Cone geyser in Yellowstone National Park

Old Faithful is a cone geyser in Yellowstone National Park in Wyoming, United States. It was named in 1870 during the Washburn–Langford–Doane Expedition and was the first geyser in the park to be named. It is a highly predictable geothermal feature, erupting on average every 92 minutes, with the period between eruptions ranging from as short as 35 minutes to as long as 120 minutes. The geyser and the nearby Old Faithful Inn are part of the Old Faithful Historic District.

==History==
In the afternoon of September 18, 1870, the members of the Washburn-Langford-Doane Expedition traveled down the Firehole River from the Kepler Cascades and entered the Upper Geyser Basin. The first geyser that they saw was Old Faithful. Nathaniel P. Langford wrote in his 1871 Scribner's account of the expedition:

It spouted at regular intervals nine times during our stay, the columns of boiling water being thrown from ninety to one hundred and twenty-five feet at each discharge, which lasted from fifteen to twenty minutes. We gave it the name of "Old Faithful."
— Nathaniel P. Langford, 1871

In the early days of the park, Old Faithful was often used as a laundry. As detailed in an 1883 Yellowstone guidebook:

Old Faithful is sometimes degraded by being made a laundry. Garments placed in the crater during quiescence are ejected thoroughly washed when the eruption takes place. Gen. Sheridan's men, in 1882, found that linen and cotton fabrics were uninjured by the action of the water, but woolen clothes were torn to shreds.

==Eruptions==

Part of an eruption

More than 1,000,000 eruptions have been recorded. Harry Woodward first described a mathematical relationship between the duration and intervals of the eruptions in 1938. Old Faithful is not the tallest or largest geyser in the park; those titles belong to the less predictable Steamboat Geyser. The reliability of Old Faithful can be attributed to the fact that it is not connected to any other thermal features of the Upper Geyser Basin.

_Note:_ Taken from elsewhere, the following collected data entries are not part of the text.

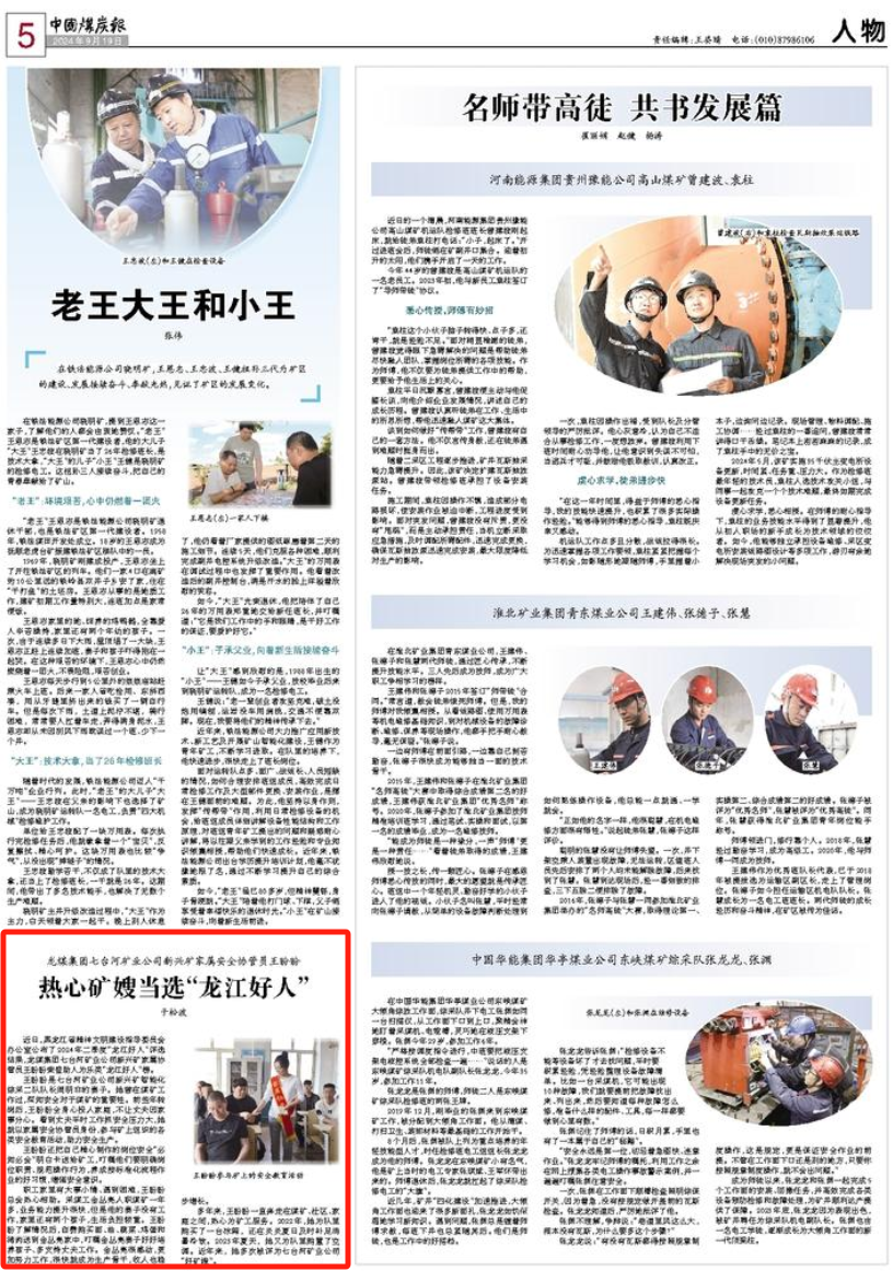 近日,黑龙江省精神文明建设指导委员会办公室公布了2024年二季度“龙江好人”评选结果,龙煤集团七台河矿业公司新兴矿家属协管员王盼盼荣登助人为乐类“龙江好人”榜。
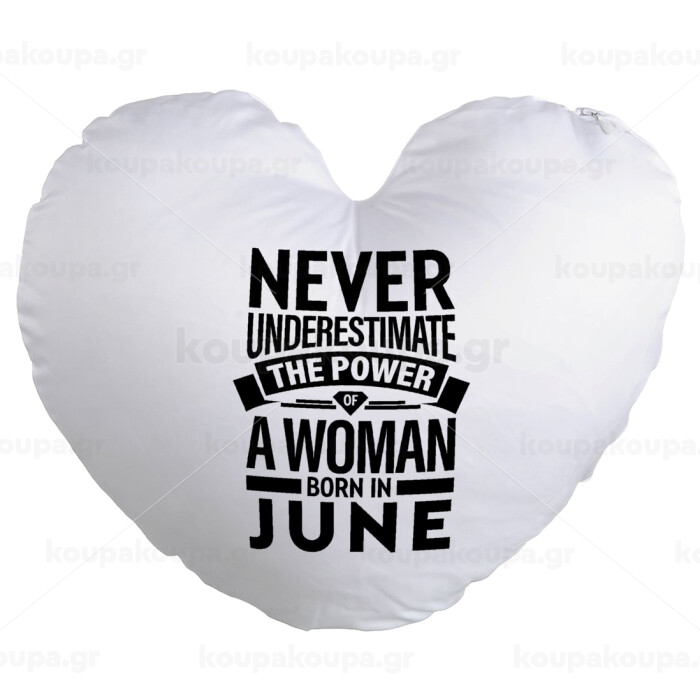 Never Underestimate the poer of a Woman born in..., Μαξιλάρι καναπέ καρδιά 40x40cm περιέχεται το γέμισμα
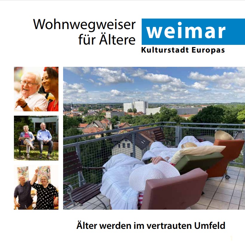 “Der „Wohnwegweiser für Ältere“ wird seit vielen Jahren als Informationsbroschüre mit seniorenrelevanten Inhalten geschätzt. In der Broschüre werden die Angebote für ältere Menschen in den einzelnen Weimarer Wohngebieten übersichtlich dargestellt. Dabei geht es um Wohnangebote genauso wie um seniorenspezifische Themen des Alltags, wie Gesundheit, Begegnung, Freizeit, Betreuung und Pflege. Zur Erstellung der Broschüre wurden alle Wohngebiete hinsichtlich der Belange älterer Menschen genau untersucht. Mit zahlreichen Anbietern und Trägern wurden ausführliche Gespräche geführt.”
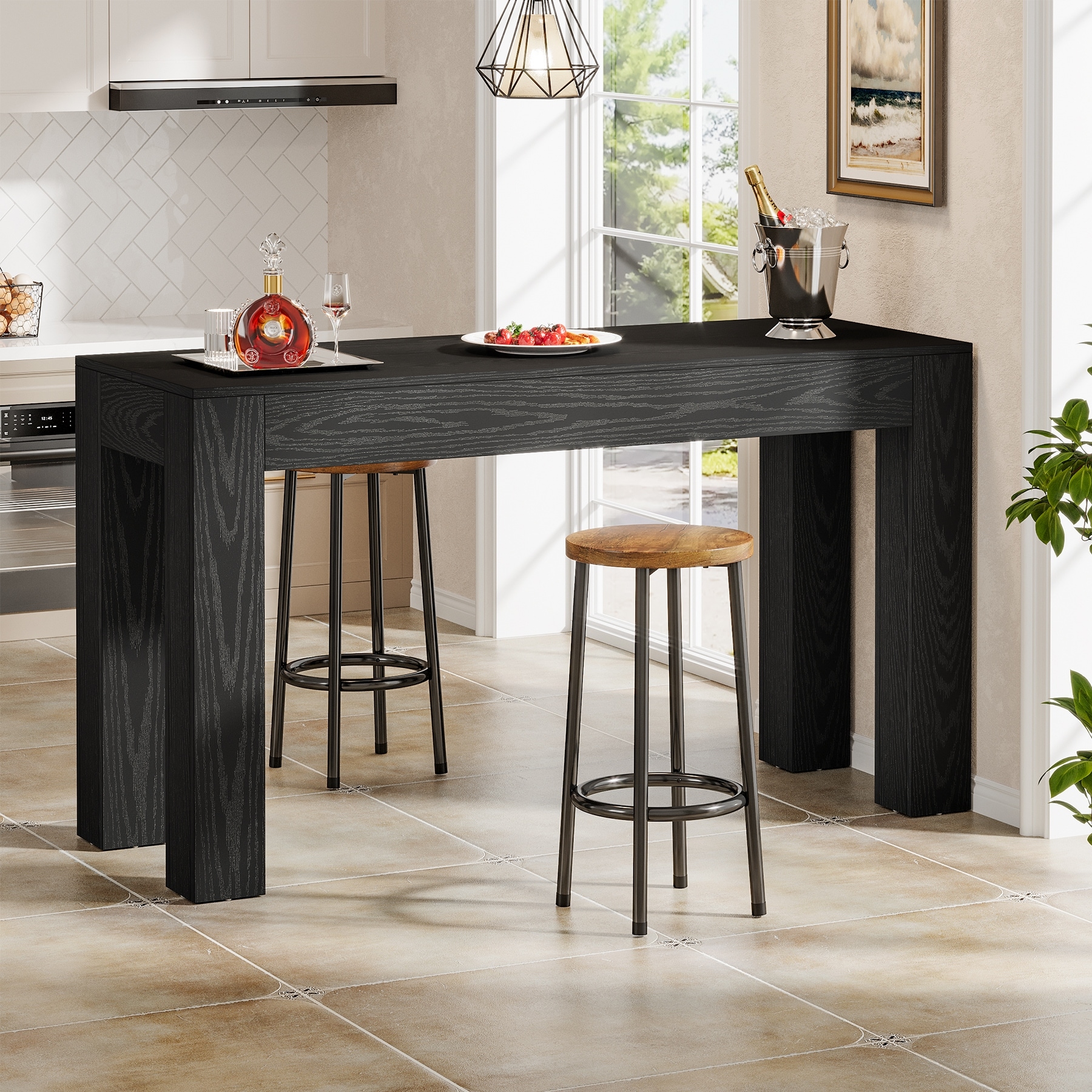 Home Bar Unit, Modern 2-Tier Bar Table with Footrest - 15.75"D x 62.99"W x 41.54"H
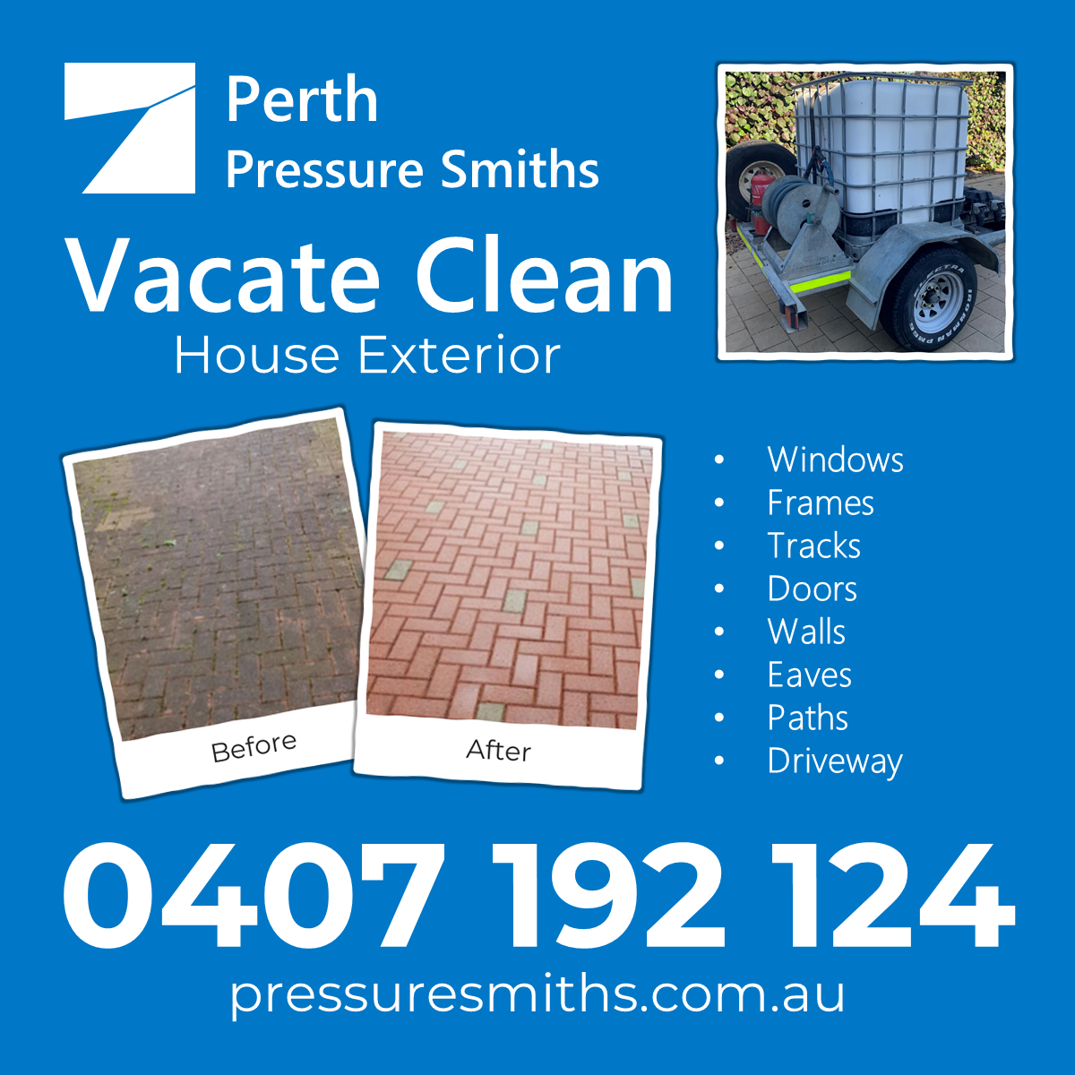 Pressure Smiths specialise in pressure cleaning the external areas of your home or business. It's all we do and we're good at it.
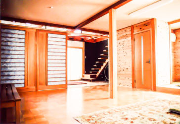 外観のデザインからは想像できない空間が広がる、近代古民家建築表現と言っても良いくらいの建物です。
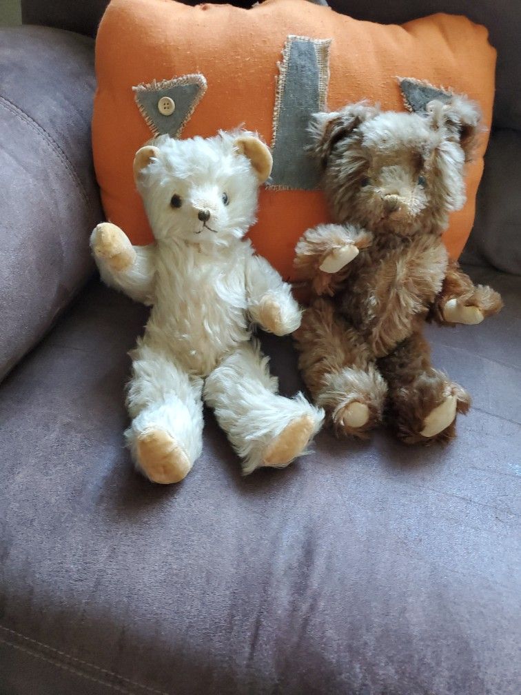 2 Teddy Bears over 60 years in my possession. Jointed and for their age good condition. Selling together for $30. Each 12".
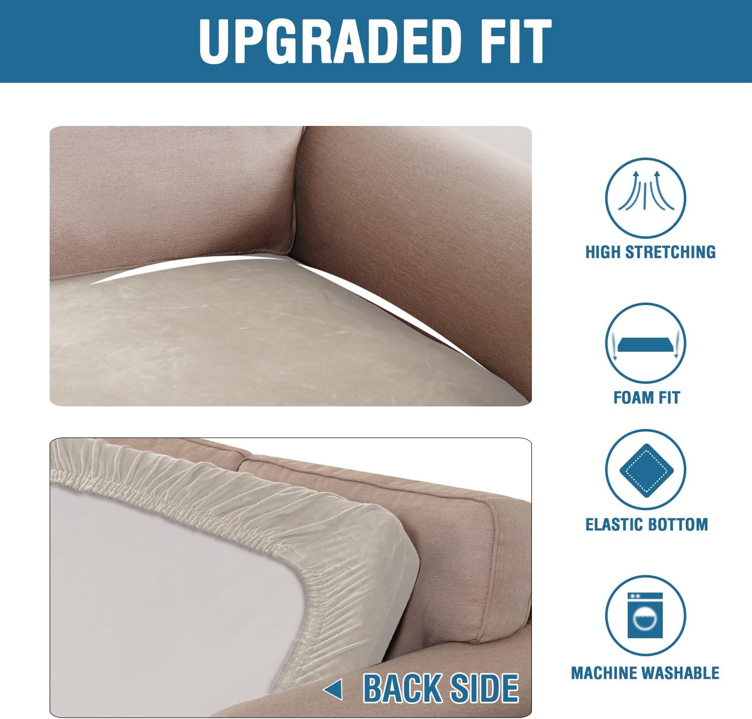• STAY IN PLACE: Featuring non-skid thick elastic bottom, our cushion slipcover can stay tight with no snag, no wrinkling, shifting or slipping on both leather and cloth sofa
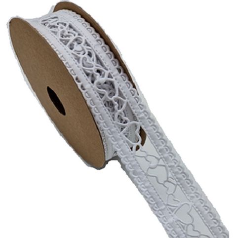 Romantická krajková stuha v bílé barvě s jemným vzorem propletených srdíček je ideální pro svatební dekorace, balení dárků, scrapbooking nebo různé tvořivé projekty. Kvalitní provedení s detailním lemem dodá každému výrobku elegantní a něžný vzhled.

Eruptions can shoot 3700 to 8400 USgal of boiling water to a height of 106 to 185 ft lasting from 1½ to 5 minutes. The average height of an eruption is 145 ft. Intervals between eruptions have ranged from 34 to 125 minutes, averaging 66½ minutes in 1939, slowly increasing to an average of 90 minutes apart since 2000, which may be the result of earthquakes affecting subterranean water levels. The disruptions have made earlier mathematical relationships inaccurate, but have actually made Old Faithful more predictable in terms of its next eruption. After the Borah Peak earthquake in central Idaho in October 1983, the eruption intervals of Old Faithful were noticeably lengthened.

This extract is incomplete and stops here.